Reputation: 85
I have a fairly simple document (the governmental strategies for the mandate) with titles, normal text and then bullet points (which are the strategies they are looking to implement).
I can read and extract pages or titles from the.pdf
and convert it to a .txt
but I'd like to only keep the text (the whole paragraphs) inside bullet points, which is what I'm interested in. I reckon there's some way to do this as they can be identified by the bullet point itself probably.
Is there a simple enough way to do this in R and/or Python? I'm not familiar with other programming languages or parsing methods.
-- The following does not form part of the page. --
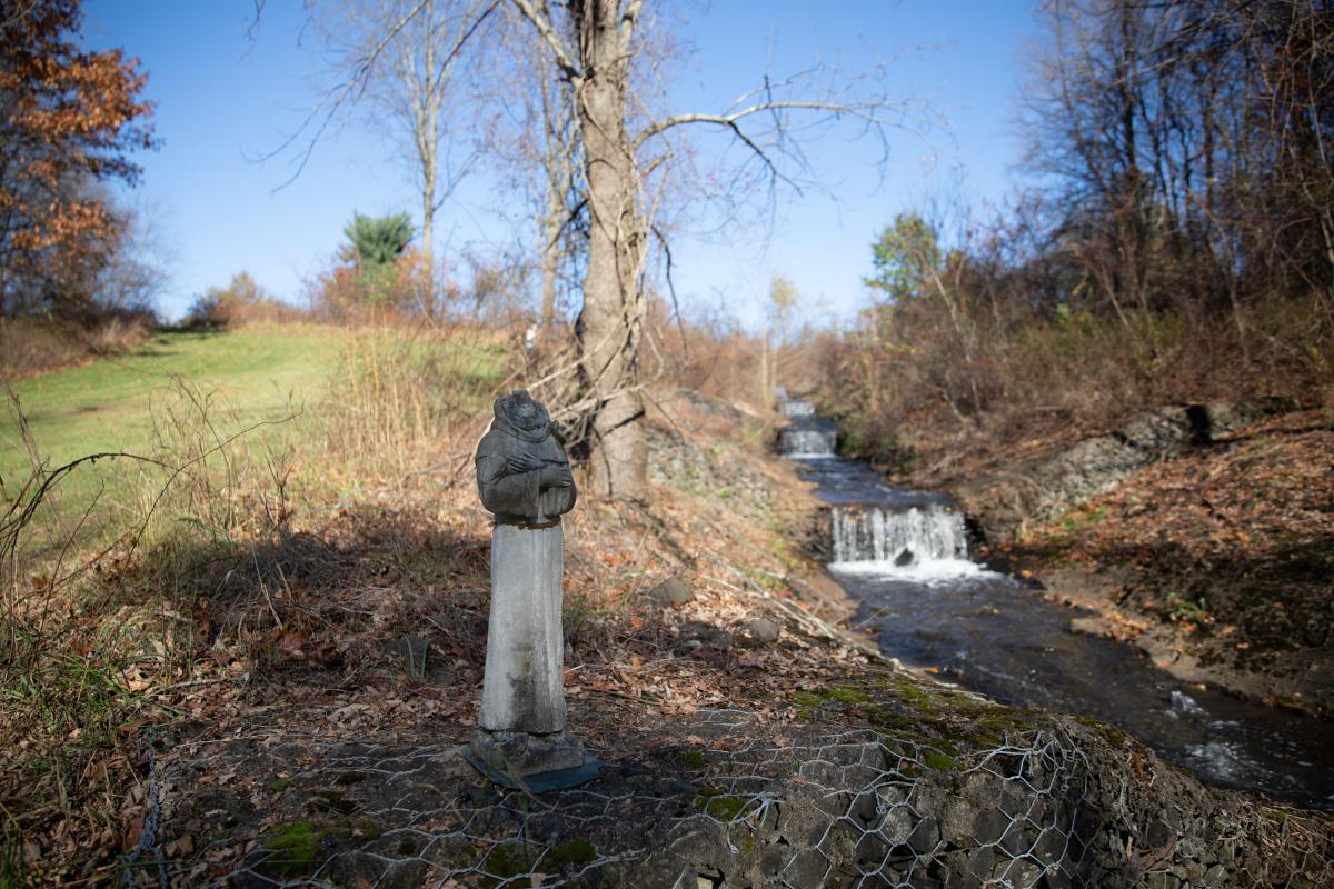 - The brook behind Patty Abramowicz’s house in Windsor, on Nov. 2, after the foam was removed. (Patrick Skahill/Connecticut Public Radio)

EDIT: Just quickly converted basic text to HTML (using https://wordtohtml.net) on a page and it seems to turn bullet points to <li>
which I'm guessing would be easy enough to parse through. Is there a quick-n-easy way to convert the whole 262-page document to HTML keeping the <li>
format probably in R/python? Or do you know of a PDF-way - preferable as it would be at least one less step to do that - for the my issue?
Upvotes: 1
Views: 3541
Reputation: 7312
Here's my general approach:
Read in a sample string
require(stringr)
string <- "passarão a estar inscritas políticas públicas que permitam:\n • Inverter a tendência de perda de
rendimento das famílias, dos trabalhadores, dos\n funcionários públicos e dos pensionistas;\n"
Split by \n
# match semi-colon or colon, then a backslash, then "n". I.E. split by ;\n or :\n
stringList <- unlist(str_split(string, "([;:])\\\n"))
Return position of any string that starts with a bullet:
matched <- grep("\\\u0095", stringList)
Subset to strings that start with bullets:
stringList[matched]
The weak part of this solution currently is that it relies on bullets being preceded by ";\n" or ":\n". If you just split by "\n" you lose the second part of a bullet whenever it continues onto a second line. Depending on the format of the document, you may have to change the regex around to make sure you split the string appropriately
You could also do the initial split by bullet: stringList <- unlist(str_split(string, "\\u0095"))
but then you need a rule to define where the bullet ends and plain text begins.
Upvotes: 4